I am accustomed to referring to the other one as the “London” college, a practice which I believe is general among surgeons from the Hen Ogledd.
The Dublin college is also a player in the UK surgical scene.
* In that order.
A chance to recall a dear friend and colleague:
https://blogs.ams.org/beyondreviews/2018/02/26/andrew-ranicki/
Indeed, Ranicki had the unusual title of Professor of Algebraic Surgery at the University of Edinburgh. (Andrew was a special case for almost everything.)
I googled Algebraic Surgery and got his own intro to it: “Surgery theory investigates the homotopy types of manifolds, using a combination of algebra and topology.”
The discussion of the Royal Societies, reminds me of another phenomenon. I am not a golfer (much less a watcher of televised golf). However, I have noticed a gradual shift in how sports coverage refers to the premier British golf tournament. I think the usual practice when I was a child was to call it “the British Open,” manifestly contrasting with the “U. S. Open”; however, nowadays American sportscasters seem mostly to call it by its official name, “The Open Championship.” I suppose that the organizers (of the Open, as well as other sporting events) demand more control over how the broadcasters with rights to show their events refer to them. Another memorable example of this phenomenon was the way NBC universally referred to the city hosting the 2006 Winter Olympics as “Torino,” never using the Piedmontese (or English) name “Turin.”
Proceedings B, a mid-to-high-impact journal, used to be Proc. R. Soc. Lond. B = Proceedings of the Royal Society of London, Series B: Biological Sciences. Now they’re Proc. R. Soc. B.
The short version.
I have always envied Glasgow surgical Fellows their excellent official style of “Fellow qua Surgeon of the Royal College of Physicians and Surgeons of Glasgow.” The qua just gives it that extra … edge …
https://xkcd.com/2591/
Qua at LH.
Would a non-surgeon be merely a “Fellow qua Physician of the Royal College of Physicians and Surgeons of Glasgow”?

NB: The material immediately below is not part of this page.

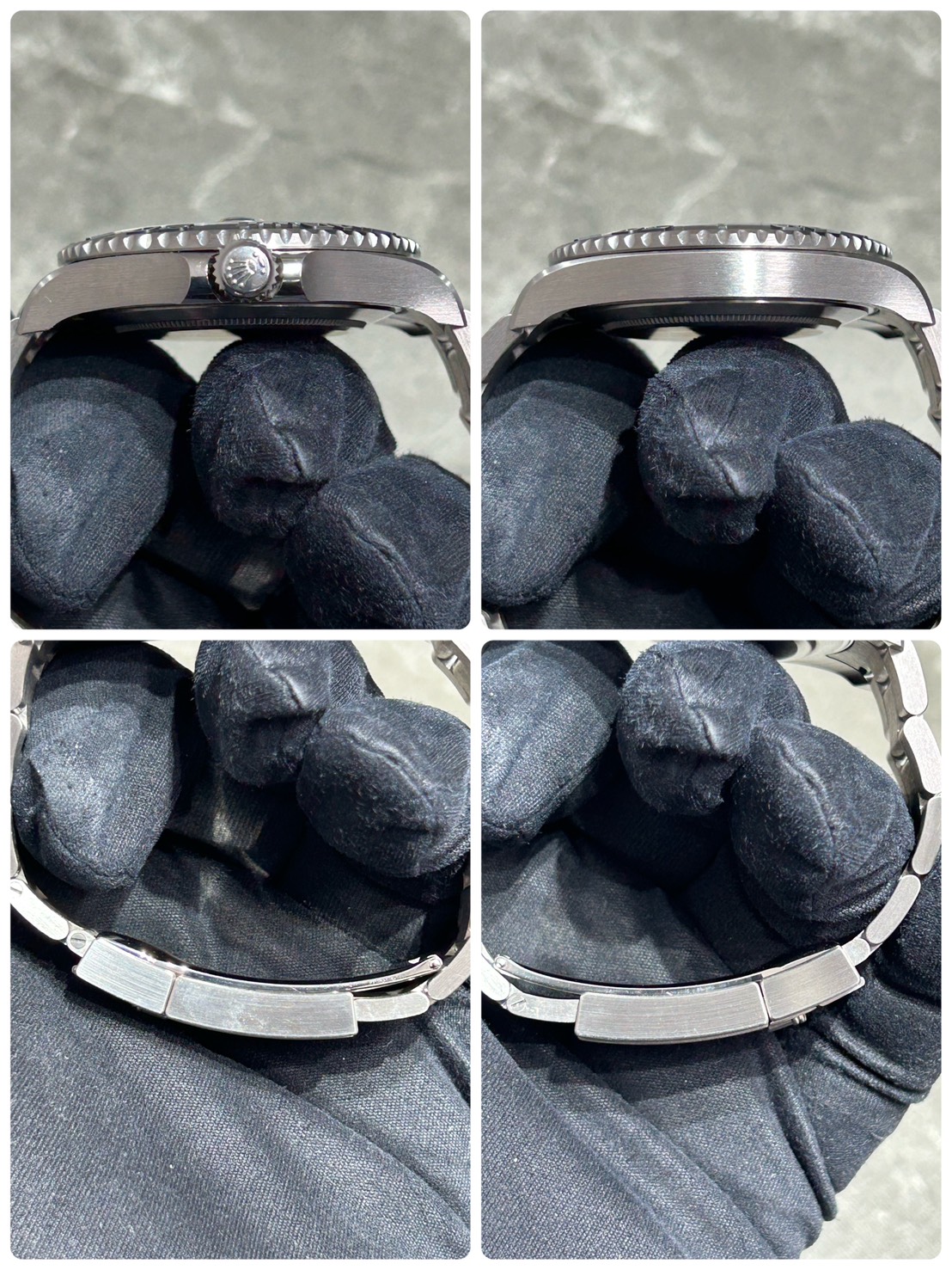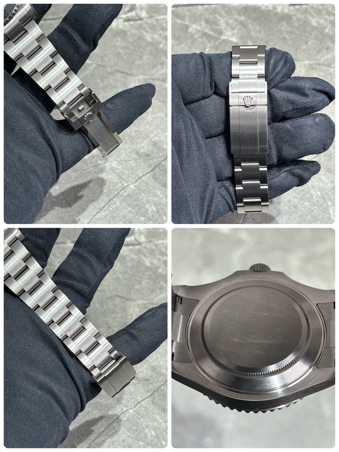 こちらはロレックスが特別に採用したグレード5のチタン合金であるRLXチタンのケース、ブレスで大きさから想像がつきにくい程の軽量(約107gとなっております。

Indeed; though any red-blooded physician would object strongly to “merely.”
“Physician” has here the sense “advanced specialist in internal medicine”, rather than “random medic.” Non-Glaswegian ones have their own separate Royal Colleges of them, but Glaswegians are more ecumenical.
To make life more complex, the equivalent of (London) FRCS is not FRCP but MRCP, Member of the Royal College of Physicians. There is such a thing as FRCP, but I believe it is like the higher levels of Freemasonry, and achieved only by undergoing nameless rituals whereof one does not speak.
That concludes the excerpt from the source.